In the past, the Federal Central Tax Office (FCTO) had refused to refund withholding tax to numerous foreign shareholders on the basis of Section 50d (3) ITA which, according to the decisions of the European Court of Justice (ECJ) in the cases Deister Holding and Juhler Holding of 20 December 2017 - C 504/16 and C 613/16 was in breach of EU law (against the freedom of establishment and in violation of the Parent-Subsidiary Directive - “PSD”). These judgments referred to the prior version of  Section 50d (3) ITA (applicable until 2011).

Case of dispute

Profit distributions from a German stock corporation (AG) to its Austrian parent company were initially taxed at source. The refund of the withholding tax for three of the profit distributions was rejected by the FCTO which was not in line with EU law. For a further profit distribution, the Austrian parent company initially obtained an exemption certificate according to which the AG would not have had to withhold the tax. This exemption certificate was – again wrongfully -  revoked by the FCTO with reference to Section 50d (3) ITA.

Following the above ECJ judgment Deister Holding and Juhler Holding, the FCTO refunded the withholding tax after the proceedings had temporarily been suspended. However, it rejected the applications for interest by the Austrian parent: Interest was not to be paid on withholding tax if the tax was refunded following a successful appeal procedure. The lower tax court, however, considered the claim to be partially justified and granted the payment of interest. In the opinion of the court, the interest period was to begin after the application has been processed by the FCTO, i.e. 4 months after the application was submitted.

Decision

The Supreme Tax Court held that the Austrian parent company was entitled to interest in accordance with EU law.
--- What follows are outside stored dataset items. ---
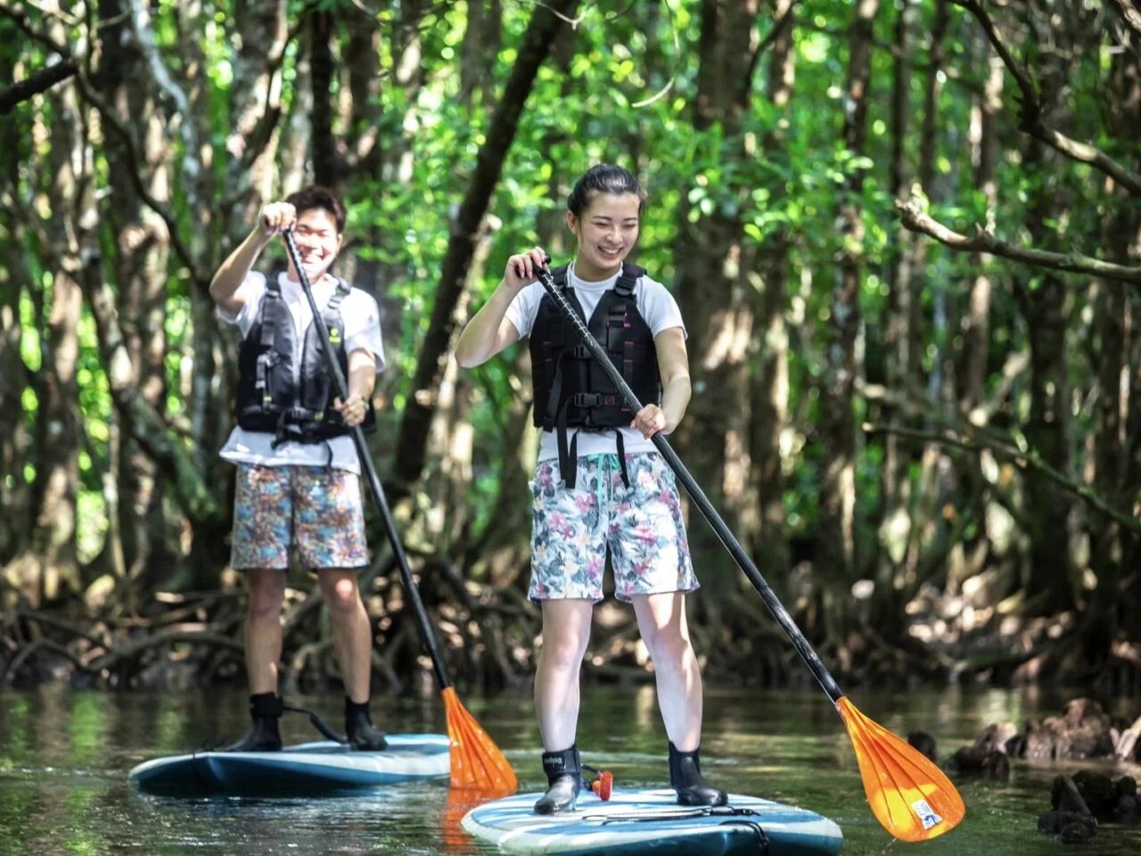 石垣島を代表する名スポット「幻の島」への上陸とシュノーケリング、そして国指定の天然記念物「宮良川」のマングローブ林でのSUP/カヌークルージングがセットになったプラン!
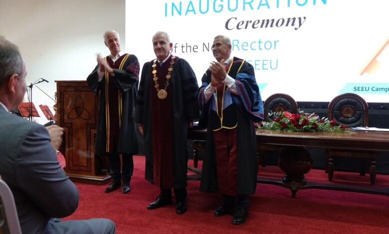 Në Universitetin e Evropës Juglindore u zhvillua ceremonia solemne e inaugurimit të rektorit të ri, Prof. Dr. Sadudin Ibraimi, në prani të përfaqësuesve të korit diplomatik, rektorëve nga vendi, Shqipëria e Kosova, personaliteteve të jetës publike, biznesit, stafit akademik, studentëve dhe familjarëve.
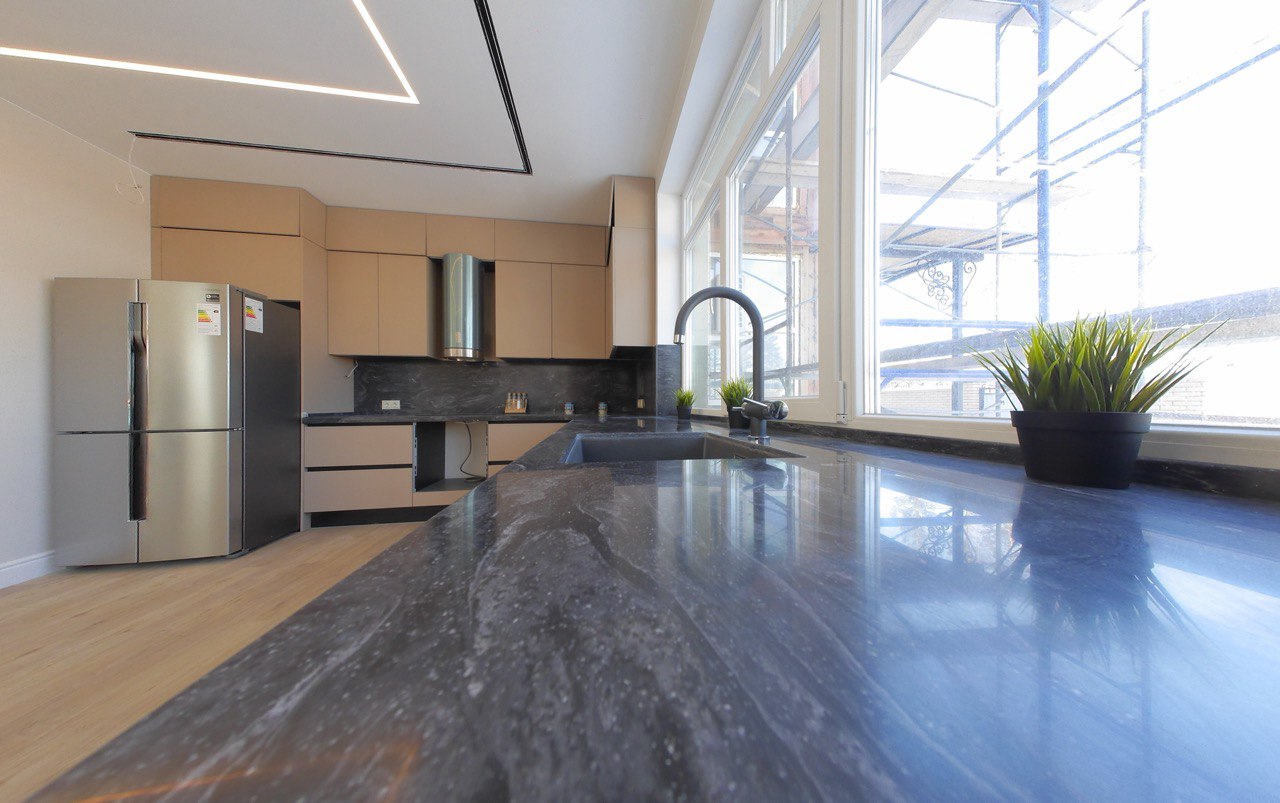 Есть натуральный камень – очень красивый, износостойкий и долговечный материал, но не подлежит ремонту. Дорогой, но имеет неограниченный выбор оттенков. Есть также новый материал – HP-плита, но он к нам заходит довольно тяжело, так как у нас нет мастеров для его обработки. Это прессованный материал, прочнейший, схожий с резиной, очень эстетичный за счёт тонкости и при этом неубиваемый. Однако каменщики не любят с ним работать, потому что он тяжёлый в обработке и от него много мусора. Не подлежит реставрации.
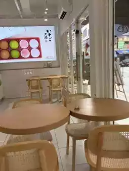 A cute Japanese-style dessert cafe with a minimalist white tone. The highlight of the shop is the adorable seal-shaped mochi, available in several flavors such as Japanese purple sweet potato, red bean, and raspberry. The mochi dough is soft and chewy, with a slightly sweet filling that perfectly complements the dough. They also offer large strawberry daifuku filled with juicy fresh strawberries and sweet red bean paste. The fresh strawberries are big, and the daifuku is incredibly soft. There is also an egg tart menu featuring thin, crispy puff pastry layers filled with lightly sweetened egg custard. Delicious, fragrant, and absolutely delightful—definitely a must-try! Perfect for those with a sweet tooth who love cute Japanese-style treats and want to take adorable photos.
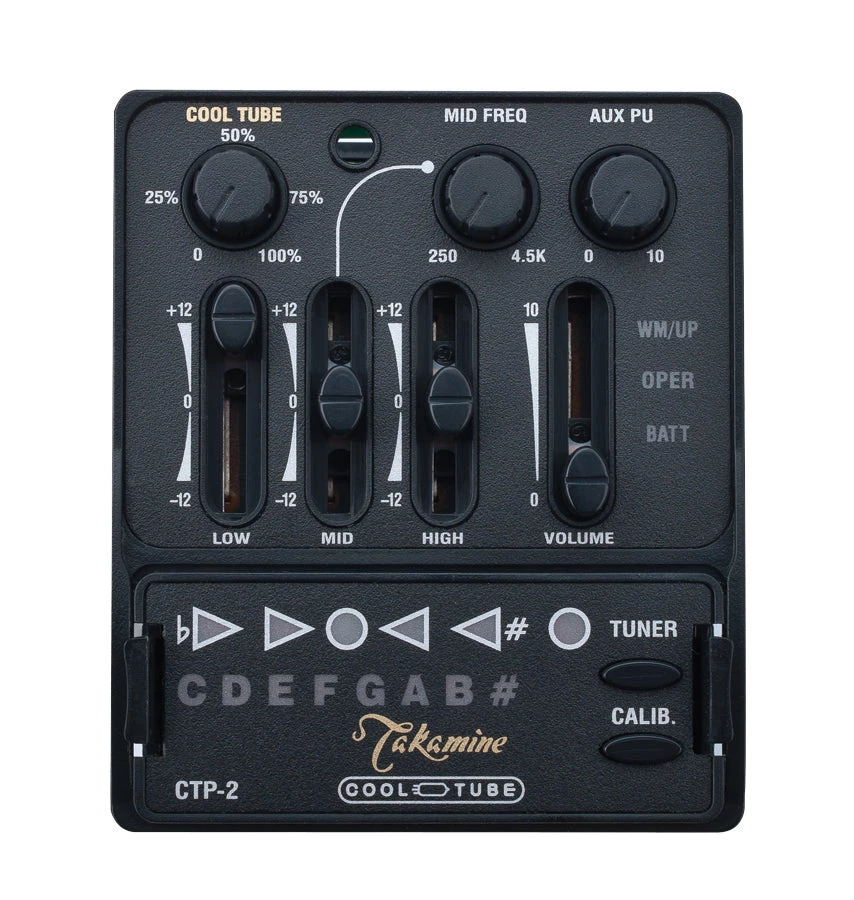 Includes Takamine’s proprietary CTP-2 Cool Tube preamp system. The dual-channel CTP-2 provides low-voltage tube tone, variable from bright and brilliant to thick and warm, three band EQ with semi-parametric midrange, auxiliary input and volume (for use when a second pickup is added), and an onboard chromatic tuner.

The court considers the ECJ decision in the case Gräfendorfer Geflügel und Tiefkühlfeinkost (joint cases: C415/20, C419/20 und C427/20, Rz 64) and Dyrektor Izby Administracji Skarbowej we Wrocławiu (C-322/22, RZ 32 ff.) to be applicable in this context because the ECJ explicitly specified in these rulings how reasonable compensation is to be calculated. Key statement of the ECJ: The interest period runs from the payment of the respective advance payment to the refund of the unduly levied tax. The obligation to pay interest extends to the entire period during which the amount was not available for the taxpayer.
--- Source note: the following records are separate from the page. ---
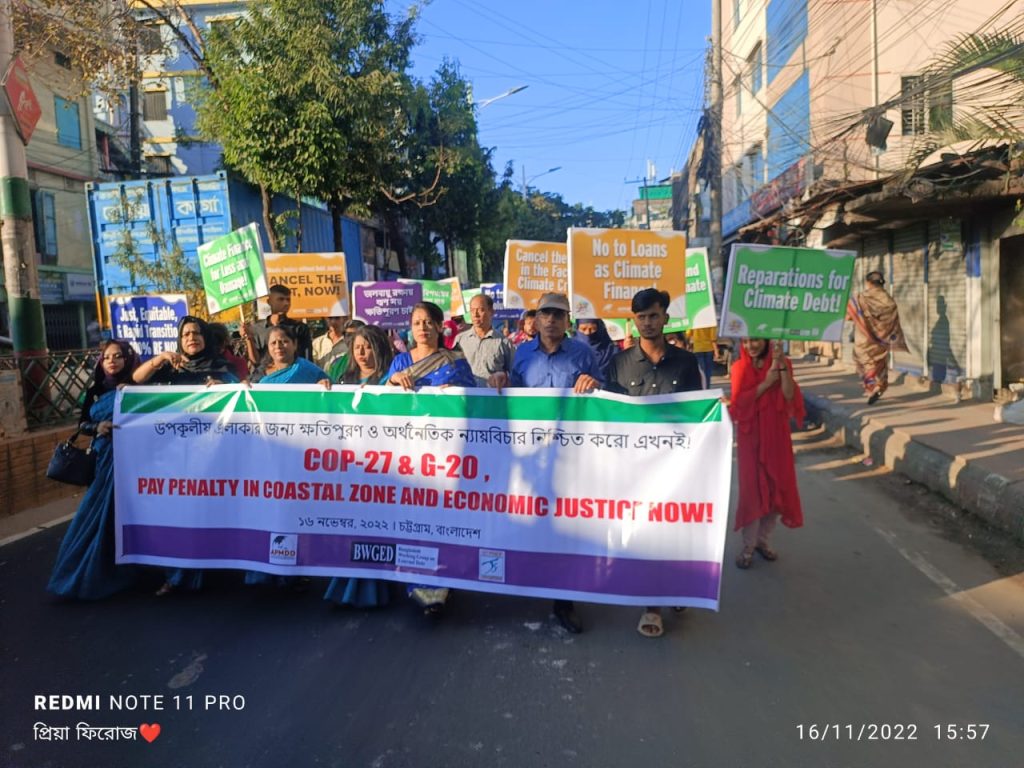 সংশপ্তক, বাংলাদেশের বৈদেশিক দেনা বিষয়ক কর্মজোটের (বিডাব্লিউজিইডি), এবং ঋণ ও উন্নয়ন বিষয়ক এশীয় জন-আন্দোলনের (এপিএমডিডি) যৌথ উদ্যোগে এ র্যালী অনুষ্ঠিত হয়। মানববন্ধনে চট্টগ্রামের রাজনৈতিক ও সাংস্কৃতিক নেতৃবৃন্দ, জলবায়ু-কর্মী অংশগ্রহণ করেন।
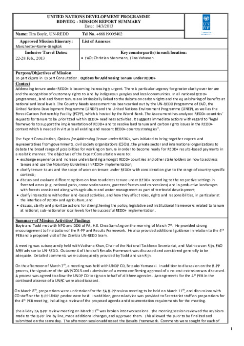 Home Document Library BTOR Boyle Cambodia Feb 2013 BTOR Boyle Cambodia Feb 2013 Mon, 20 Oct, 2014 Download the resource Format: application/pdf Size: (0.286 MB) download Filed under: Category Empty Related publications View all Foundation documents 23 May, 2025UN-REDD Programme Developer 23/05/2025 - Document Download English 21 May, 2025UN-REDD Programme Draft UN-REDD 2026-2030 Strategy Download English 21 May, 2025UN-REDD Programme Draft Monitoring and Evaluation Framework UN-REDD 2026-30 Download English
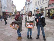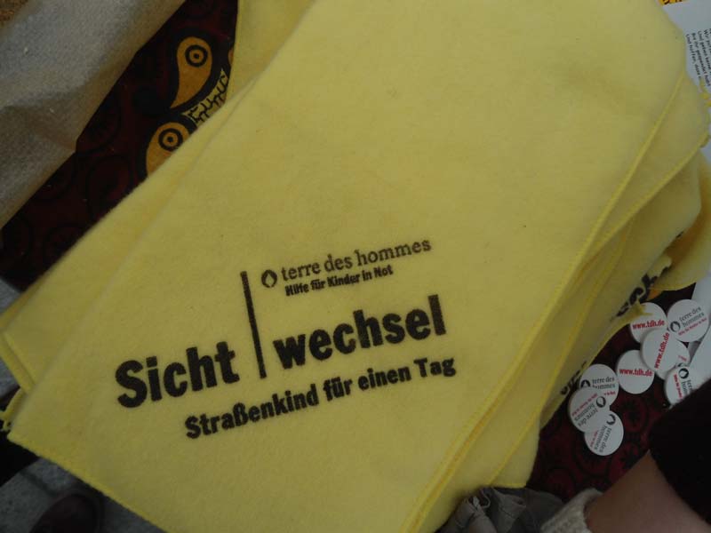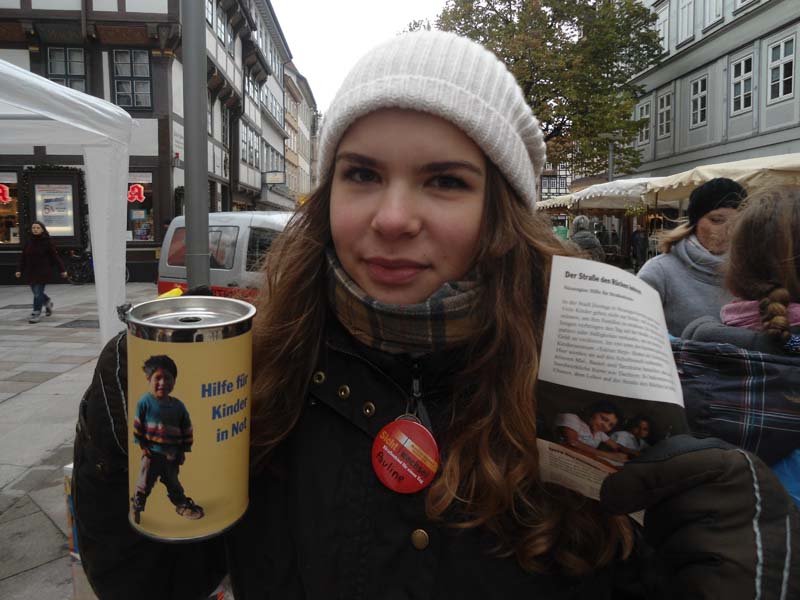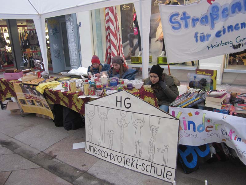Am Freitag, den 22.11.2013 war unser WPU-8 vom Hainberg Gymnasium in der Fußgängerzone, wir haben auf die Situation von Straßenkindern weltweit aufmerksam gemacht. Dazu haben wir Schuhe geputzt und in Bauchläden selbst gebastelte und selbst gebackene, wie zum Beispiel Kuchen verteilt. Dies ist eine jährliche Aktion von terre de hommes. Durch diese Aktion habe ich erfahren, wie es sein muss als Straßenkind sich täglich durchs Leben zuschlagen. Für mich wäre das schlimmste der tägliche Kampf ums Überleben, weil sie nie wissen ob sie diesen Tag überleben, ob sie was zu essen bekommen oder von der Polizei verjagt oder sogar getötet werden. Die schlimmsten Akpekte am Straßenkind dar sein sind erstens Angst beim einschlafen vor dem nächsten Morgen, der vielleicht den Tod bedeutet und zweitens das Gefühlschaos durch Trauer, Hoffnungslosigkeit, Einsamkeit und vieles mehr. Durch medizinische Unterversorgung, Kälte und schmutzige Umgebung sind diese Kinder oftmals schlimmen Krankheiten ausgesetzt. Die Passanten die wir über diese schlimmsten Bedingungen von Straßenkindern haben sehr unterschiedlich reagiert. Viele haben sich ehrlich Ergriffen gezeigt und großzügig gespendet, während sich andere abweisend zeigten und uns nicht zuhören wollten. Unsere eingenommenen 850 Euro haben wir allein durch freiwillige Spenden gesammelt. Ich werde mich auch weiterhin dafür einsetzten, dass jedes Kind die gleichen Chancen auf ein schönes und sorgenfreies Leben bekommt und damit die hohe Anzahl von Straßenkindern sinkt. (Lili)
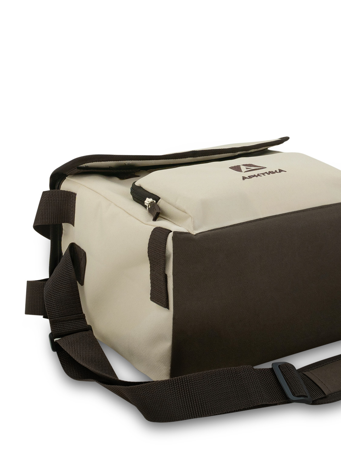 Сумка оборудована прочными ручками и широким ремнем для переноски на плече. Есть наружный вместительный карман для хранения столовых приборов, специй, чая. Объем холодильного отсека — от 10 до 30 л. В сложенном виде не занимает много места. В линейке представлены 2 расцветки на выбор. Рекомендуется использовать вместе с аккумуляторами холода серии АТМ из расчета не менее 10% от объема термосумки. Гарантия – 1 год.

In cases where a refund of withholding tax is applied for want of a prior exemption certificate and where a refund is denied in breach of EU law, the interest period commences three months after the submission of a formal and valid refund application. It ends on the day the tax is reimbursed. In cases where – also in violation of EU law - an exemption certificate is subsequently revoked by the FCTO with reference to Section 50d (3) ITA, the interest period runs from the date on which the tax is withheld by the AG and ends on the date the tax is repaid. Finally, the Supreme Tax Court clarified that the interest for the respective interest periods must be calculated to the day and at 6% p.a. for interest periods prior to 1 January 2019.

The tax court of first instance based the determination of the plaintiff's claims on interest periods that were too short. The Supreme Tax Court did not consider the (initial interest-free) time of four months and 10 days spent by the FCTO to process the application to be appropriate. Rather, Section 50d (2) sentences 6 and 7 ITA (as valid at the time) specifies that the FCTO must decide on the application for a tax certificate within three months. The deadline commences following the submission to the FCTO of all evidence required to decide on the refund application.

Source:

Supreme Tax Court decision of 25 February 2025 VIII R 32/21 - published on 15 May 2025.